Kaohsiung Lantern Festival
Address: 9F., No. 290, Sec. 4, Zhongxiao E. Rd., Da’an District, Taipei City 10694, Taiwan
Contact: +886 7 22349 1500, 0800 011765
Website: Kaohsiung Lantern Festival Details
3. Shop at Liuhe Night Market
Liuhe’s 2nd Road transforms itself every night. After 6 pm, when the commercial centers and stalls close, they are replaced by small stalls, mostly selling fresh seafood - crab, shrimp, octopus, squid, lobsters, and cuttlefish. It takes about 30 minutes to walk through the entire area from start to end. Make sure you watch for favorites such as the little sausage in the big sausage. This is a combination of barbecued pork sausage complemented with a white sausage stuffed with rice. The pork sausage is placed on top of the white sausage.

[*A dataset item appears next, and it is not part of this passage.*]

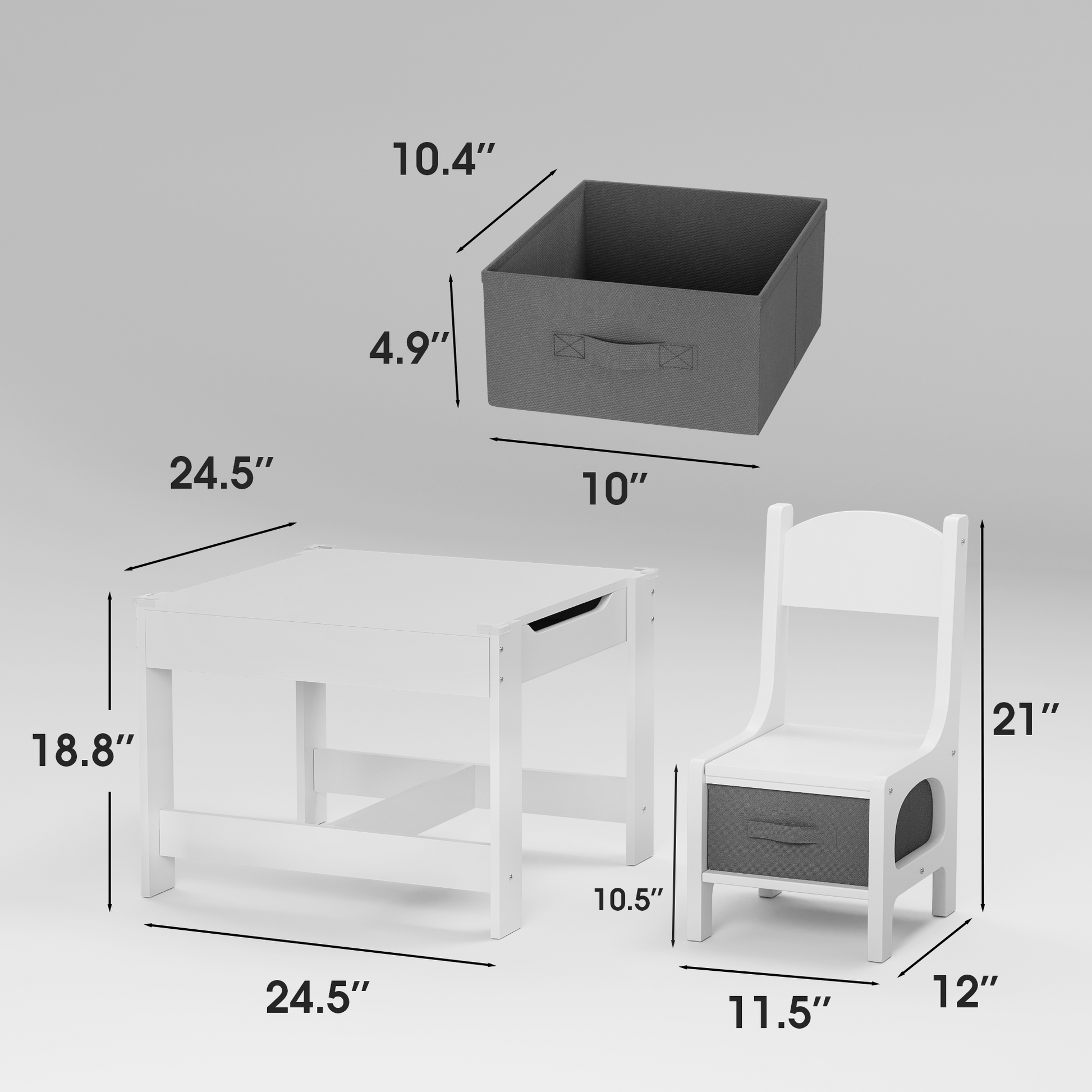 Table: 24.53"D x 24.53"W x 18.9"H

There’s also papaya milk at one of the oldest stalls in Liuhe. The thought of papaya milk might not sound very appetizing but it’s actually a creamy, healthy must-try. There are other fruit and veggie milk choices, as well. Perhaps the most exotic dish at Liuhe is at the snake restaurant (you won’t miss it, there’s a big cobra sign in front of the building), where you can try stir-fried cobra meat or soup.
4. Go on a self-guided walking tour around the Lotus Pond
Lotus Pond is one of the beautification efforts of the government of Kaohsiung. It’s a manmade lake between Half Screen and Turtle Mountain. It takes around three hours to walk through all the areas, and that doesn’t include going inside all the temples, pagodas and shrines. At the northernmost point of Lotus Pond is the Confucius Temple, and at its south are the Dragon and Tiger Pagodas. They can be found at around 700 meters (2297 feet) from the south of the pond. You can enter the dragon’s throat at the entrance and the lion’s mouth at the exit as a symbol of entering with bad luck, and exiting with good luck. The pagodas also have paintings of China’s 24 most obedient sons, to inspire good deeds from its citizens.

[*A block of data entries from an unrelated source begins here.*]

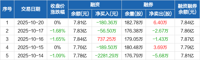绿地控股:融资净偿还180.36万元,融资余额7.81亿元(10-20)
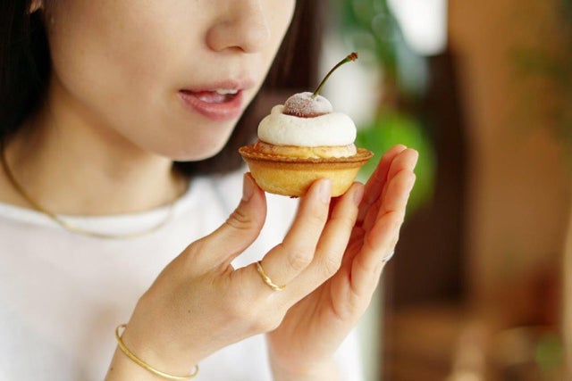 チーズタルトを片手に、2層の重なりを一口でパクっ!と
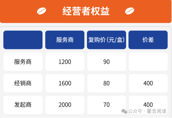 代理的话购买4800元一箱的货,一箱就是40盒,拿货价相当于120元一盒,拿完以后就有了公司的授权成为服务商,有授权后招募新的代理商自己可以提成1200元,找上级补货只需要给上级3600元,也就是说成为服务商每盒的拿货价是90元,当直推3个服务商(直推3个4800元),升级为经销商,经销商补货3200元一箱,一盒80元。不仅如此,经销商下面的服务商每招一个4800元的服务商进来,你就可以挣他们400块钱的拿货差价,当自己下面的三个服务商都升级为经销商后,这时候就可以升级为发起商,发起商拿货直接对接公司,这时候拿一箱货只需要花费2800元,每箱的利润就是2000元。

At the south, there’s also the Spring and Autumn Pavilions dedicated to Kuan Kung, the God of War. It is said that he appeared above the clouds on a dragon, which inspired the building of the pavilions. At the southern part of the pond, you’ll also find the East Gate of Old Zuoying also known as the Feng Shan City Wall, the first fortified city in Taiwan’s Qing Dynasty. Inside is a charming park with willowy trees best seen at night.
5. Be one with the monkeys at Chai Shan
Just beside Shoushan Mountain is another mountain called Chaishan, or Monkey Mountain. Chaishan has trails for both beginners and experts. For the beginners, there is a trail with a wooden deck and stairs so you can easily make your way around. You’ll most likely find a macaque (the only species of monkey native to Taiwan) or two on the trail, asking for food, or just being curious. You can also go to Monkey View Pavilion, Monkey Rock, and Mountain Cave for a sighting.

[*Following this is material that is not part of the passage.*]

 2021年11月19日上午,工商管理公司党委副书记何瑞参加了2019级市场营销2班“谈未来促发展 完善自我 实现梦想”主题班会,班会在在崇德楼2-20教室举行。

Chaishan and its sibling, Shoushan, are busiest in the mornings, with residents also getting an early lead to the day by hiking or exercising before heading to work. A different set of hikers and sightseers will also stay in Chaishan at night for the sunset and the view of the city.
More than a fishing village
Kaohsiung has moved far away from its early origins of being a simple fishing village, called Takao. It is now a huge metropolis with lots of economic activity for its people. However, look past the livelihoods of this seaside city, and you’ll find lots of gems that are unique from the capital city, Taipei. Kaohsiung still has a small trace of its fishing village origins, though. From the tight-knit communities of its side street night markets to the many mountain villagers you’ll pass by on your trails, it is here where its identity as a “second city” shines most.